- Opening Delimiter -
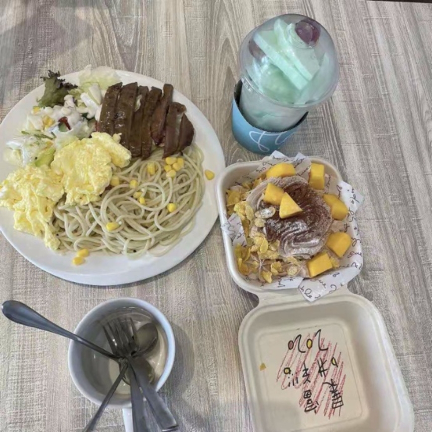 这是我和孟琪同学一起探索的第二家甜品店,位置在粤华苑13栋1楼,位置虽然有点远,但是也阻挡不了吃货的内心。这家店的盒子蛋糕超级好吃,奶油甜而不腻,意面味道也很不错,薄荷味的炒酸奶也超级独特,推荐啦~
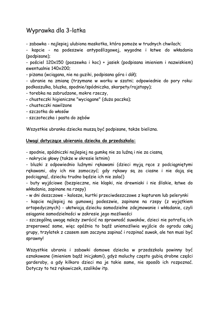 Wyprawka dla 3-latka - zabawka - najlepiej ulubiona maskotka, która pomoże w trudnych chwilach; - kapcie - na podeszwie antypoślizgowej, wygodne i łatwe do wkładania (podpisane); - pościel 120x150 (poszewka i koc) + jasiek (podpisana imieniem i nazwiskiem) ewentualnie 140x200; - piżama (wciągana, nie na guziki, podpisana góra i dół); - ubranie na zmianę (trzymane w worku w szatni; odpowiednie do pory roku: podkoszulka, bluzka, spodnie/spódniczka, skarpety/rajstopy); - torebka na zabrudzone, mokre rzeczy, - chusteczki higieniczne "wyciągane" (duża paczka); - chusteczki nawilżone - szczotka do włosów - szczoteczka i pasta do zębów Wszystkie ubranka dziecka muszą być podpisane, także bielizna. Uwagi dotyczące ubierania dziecka do przedszkola: - spodnie, spódniczki najlepiej na gumkę nie za luźną i nie za ciasną - nakrycie głowy (także w okresie letnim) - bluzki z odpowiednio luźnymi rękawami (dzieci myją ręce z podciągniętymi rękawami, aby ich nie zamoczyć; gdy rękawy są za ciasne i nie dają się podciągnąć, dziecku trudno będzie ich nie zalać) - buty wyjściowe (bezpieczne, nie klapki, nie drewniaki i nie śliskie, łatwe do wkładania, zapinane na rzepy) - w dni deszczowe - kalosze, kurtki przeciwdeszczowe z kapturem lub pelerynki - kapcie najlepiej na gumowej podeszwie, zapinane na rzepy (z wyjątkiem ortopedycznych) - ułatwiają dziecku samodzielne zdejmowanie i wkładanie, czyli osiąganie samodzielności w zakresie jego możliwości - szczególną uwagę należy zwrócić na sprawność suwaków, dzieci nie potrafią ich zreperować same, więc opóźnia to bądź uniemożliwia wyjście do ogrodu całej grupy, trzylatek z czasem sam zaczyna zapinać i rozpinać suwak, ale ten musi być sprawny! Wszystkie ubrania i zabawki domowe dziecka w przedszkolu powinny być oznakowane (imieniem bądź inicjałami), gdyż maluchy często gubią drobne części garderoby, a gdy kilkoro dzieci ma je takie same, nie sposób ich rozpoznać. Dotyczy to też rękawiczek, szalików itp.
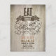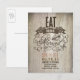 Cartão postal de aviso de data antigo estilo rústico rural - COMA, BEBE E SE CASE. Aviso de data perfeito para casamento em celeiro
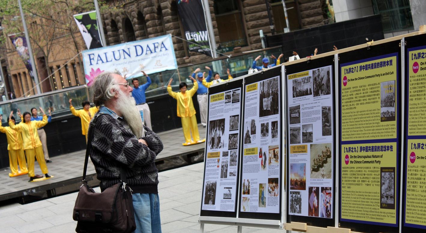 在Belmore公园,摆出的真相展板有六、七十米长,许多路人都驻足观看。一位从中国大陆来留学的女生告诉退党义工,她原来对共产党“活摘法轮功学员器官”的事一点不了解,看了这些图片和义工介绍后很震惊,她表示愿意退出共青团,并用了“良知”这一化名来声明退出。
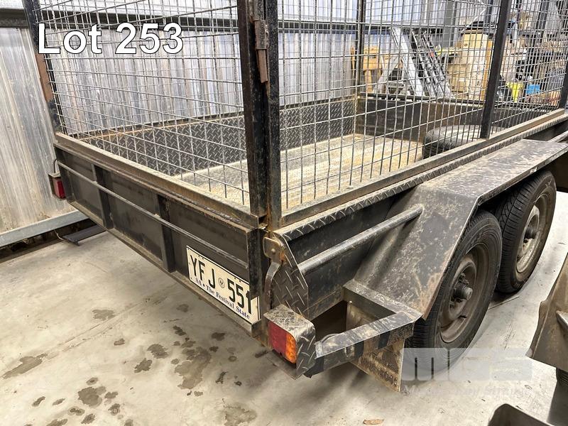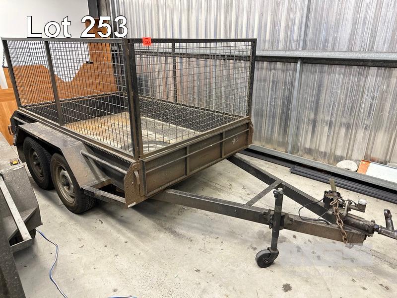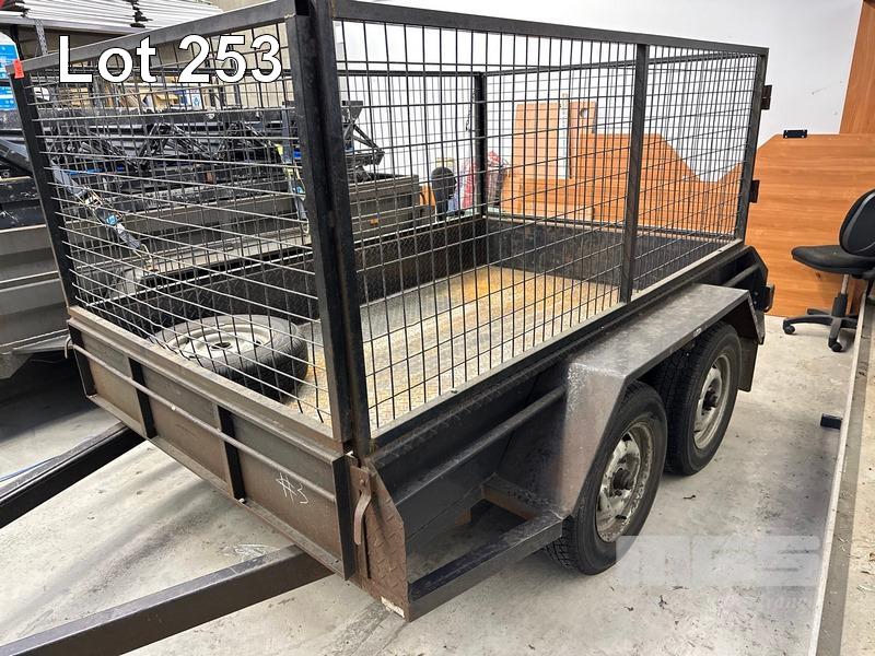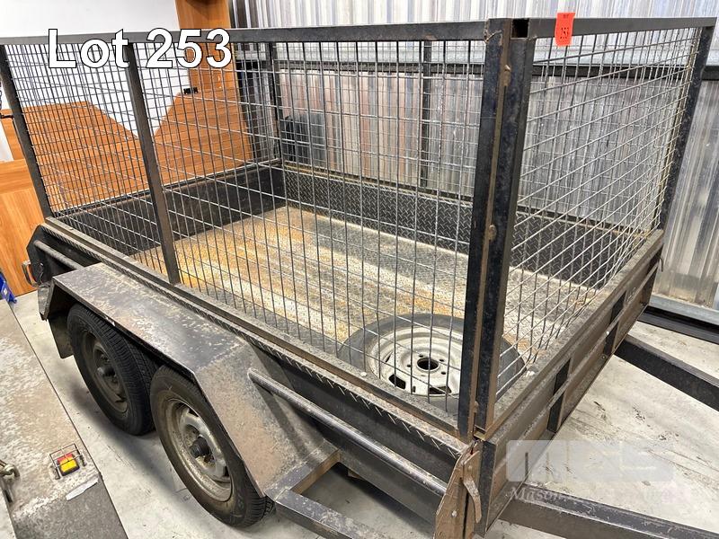 MODERN TRAILER TANDEM AXLE CAGED TRAILER, 8 x 5ft VIN: 6N4MODERN3TC09621 GTM: 1990kg DOM: 2004 REGO: YFJ551 STEEL WHEELS WITH SPARE DROP FRONT & REAR 50mm COUPLER (NO PAPERS)
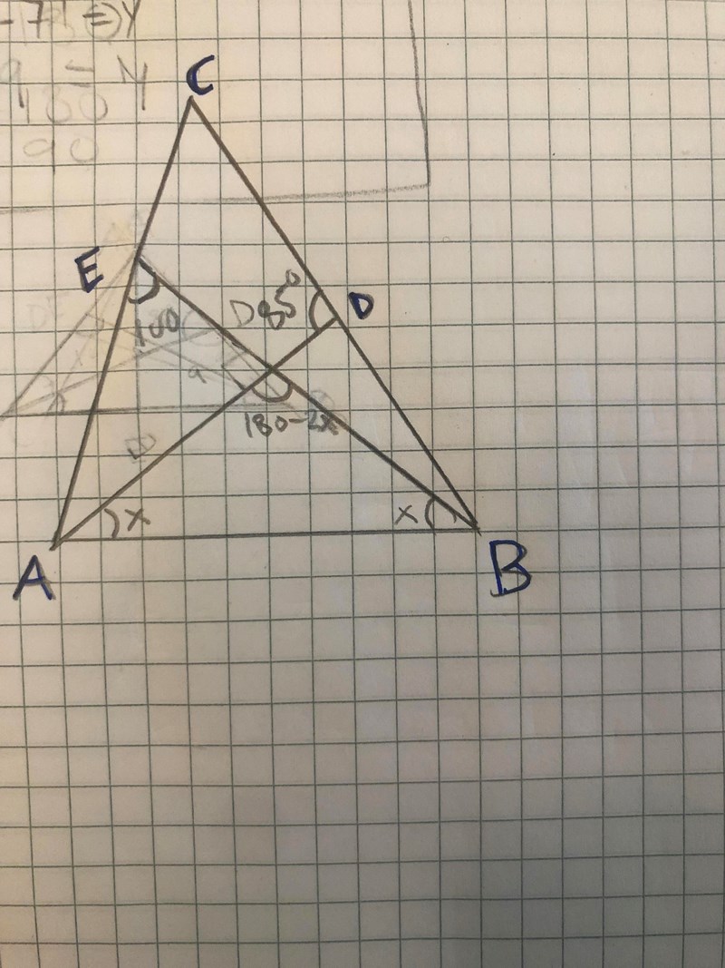 Kalla vinkeln BAD x och vinkeln ABE y som Marie51 föreslår. Med de beteckningar du har nu så stämmer inte vinkelsumman blir inte 180.
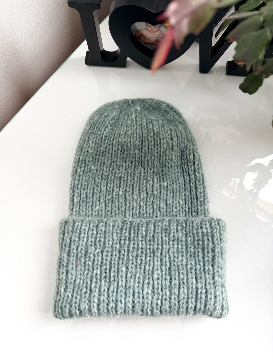 Ciepła czapka ręcznie robiona wywijana CHMURKA Alpaka 30 zielona szałwia
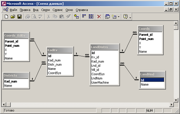 Это удобный графический инструмент, позволяющий создавать связи между определенными полями таблиц, задавать различные типы отношений, устанавливать ограничения ссылочной целостности. При этом изменения сразу применяются в базе данных (естественно, если содержащиеся данные удовлетворяют всем условиям) Полученную диаграмму таблиц и связей можно распечатать, что, несомненно, удобно для разработчика.
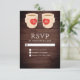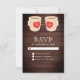 Cartão RSVP Elegante com lindas canecas monográficas de café com tipografia moderna contra um fundo de madeira de celeiro.
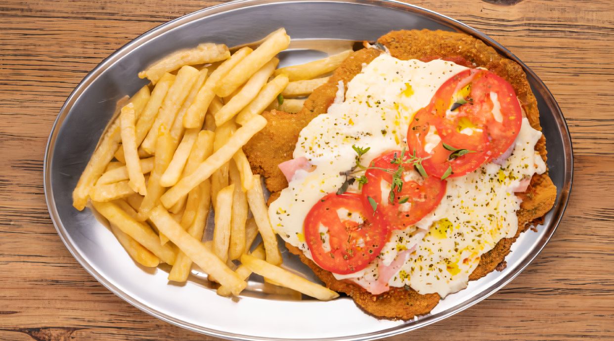 Producto típico de Argentina hecho con carne de ternera empanada acompañado con salsa de tomate, queso, jamón york y patatas fritas
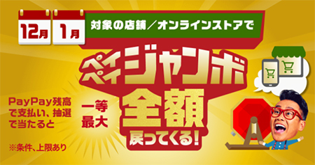 「毎月どこかで当たる!ペイペイジャンボ12月」はリアルとネットの指定された店舗が対象となる。リアルではハードオフ系列の店舗やグッデイ、名鉄百貨店、リバーウォーク北九州と少なめだが、ネットではヤフーのサービス、コミックシーモアなどのエンタメ系、マツモトキヨシオンラインストアなどのコスメ系と使えるシーンは多い。期間は1月10日まで。
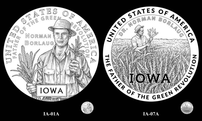 Proposed designs for the U.S. Mint’s 2026 American Innovation dollar for Iowa recognize Dr. Norman Borlaug, a Nobel Peace Prize winner and World Food Prize founder.
- Closing Delimiter -
The listing above needs to be output again exactly. Don't include the pictures.

 这是我和孟琪同学一起探索的第二家甜品店,位置在粤华苑13栋1楼,位置虽然有点远,但是也阻挡不了吃货的内心。这家店的盒子蛋糕超级好吃,奶油甜而不腻,意面味道也很不错,薄荷味的炒酸奶也超级独特,推荐啦~
 Wyprawka dla 3-latka - zabawka - najlepiej ulubiona maskotka, która pomoże w trudnych chwilach; - kapcie - na podeszwie antypoślizgowej, wygodne i łatwe do wkładania (podpisane); - pościel 120x150 (poszewka i koc) + jasiek (podpisana imieniem i nazwiskiem) ewentualnie 140x200; - piżama (wciągana, nie na guziki, podpisana góra i dół); - ubranie na zmianę (trzymane w worku w szatni; odpowiednie do pory roku: podkoszulka, bluzka, spodnie/spódniczka, skarpety/rajstopy); - torebka na zabrudzone, mokre rzeczy, - chusteczki higieniczne "wyciągane" (duża paczka); - chusteczki nawilżone - szczotka do włosów - szczoteczka i pasta do zębów Wszystkie ubranka dziecka muszą być podpisane, także bielizna. Uwagi dotyczące ubierania dziecka do przedszkola: - spodnie, spódniczki najlepiej na gumkę nie za luźną i nie za ciasną - nakrycie głowy (także w okresie letnim) - bluzki z odpowiednio luźnymi rękawami (dzieci myją ręce z podciągniętymi rękawami, aby ich nie zamoczyć; gdy rękawy są za ciasne i nie dają się podciągnąć, dziecku trudno będzie ich nie zalać) - buty wyjściowe (bezpieczne, nie klapki, nie drewniaki i nie śliskie, łatwe do wkładania, zapinane na rzepy) - w dni deszczowe - kalosze, kurtki przeciwdeszczowe z kapturem lub pelerynki - kapcie najlepiej na gumowej podeszwie, zapinane na rzepy (z wyjątkiem ortopedycznych) - ułatwiają dziecku samodzielne zdejmowanie i wkładanie, czyli osiąganie samodzielności w zakresie jego możliwości - szczególną uwagę należy zwrócić na sprawność suwaków, dzieci nie potrafią ich zreperować same, więc opóźnia to bądź uniemożliwia wyjście do ogrodu całej grupy, trzylatek z czasem sam zaczyna zapinać i rozpinać suwak, ale ten musi być sprawny! Wszystkie ubrania i zabawki domowe dziecka w przedszkolu powinny być oznakowane (imieniem bądź inicjałami), gdyż maluchy często gubią drobne części garderoby, a gdy kilkoro dzieci ma je takie same, nie sposób ich rozpoznać. Dotyczy to też rękawiczek, szalików itp.
 Cartão postal de aviso de data antigo estilo rústico rural - COMA, BEBE E SE CASE. Aviso de data perfeito para casamento em celeiro
 在Belmore公园,摆出的真相展板有六、七十米长,许多路人都驻足观看。一位从中国大陆来留学的女生告诉退党义工,她原来对共产党“活摘法轮功学员器官”的事一点不了解,看了这些图片和义工介绍后很震惊,她表示愿意退出共青团,并用了“良知”这一化名来声明退出。
 MODERN TRAILER TANDEM AXLE CAGED TRAILER, 8 x 5ft VIN: 6N4MODERN3TC09621 GTM: 1990kg DOM: 2004 REGO: YFJ551 STEEL WHEELS WITH SPARE DROP FRONT & REAR 50mm COUPLER (NO PAPERS)
 Kalla vinkeln BAD x och vinkeln ABE y som Marie51 föreslår. Med de beteckningar du har nu så stämmer inte vinkelsumman blir inte 180.
 Ciepła czapka ręcznie robiona wywijana CHMURKA Alpaka 30 zielona szałwia
 Это удобный графический инструмент, позволяющий создавать связи между определенными полями таблиц, задавать различные типы отношений, устанавливать ограничения ссылочной целостности. При этом изменения сразу применяются в базе данных (естественно, если содержащиеся данные удовлетворяют всем условиям) Полученную диаграмму таблиц и связей можно распечатать, что, несомненно, удобно для разработчика.
 Cartão RSVP Elegante com lindas canecas monográficas de café com tipografia moderna contra um fundo de madeira de celeiro.
 Producto típico de Argentina hecho con carne de ternera empanada acompañado con salsa de tomate, queso, jamón york y patatas fritas
 「毎月どこかで当たる!ペイペイジャンボ12月」はリアルとネットの指定された店舗が対象となる。リアルではハードオフ系列の店舗やグッデイ、名鉄百貨店、リバーウォーク北九州と少なめだが、ネットではヤフーのサービス、コミックシーモアなどのエンタメ系、マツモトキヨシオンラインストアなどのコスメ系と使えるシーンは多い。期間は1月10日まで。
 Proposed designs for the U.S. Mint’s 2026 American Innovation dollar for Iowa recognize Dr. Norman Borlaug, a Nobel Peace Prize winner and World Food Prize founder.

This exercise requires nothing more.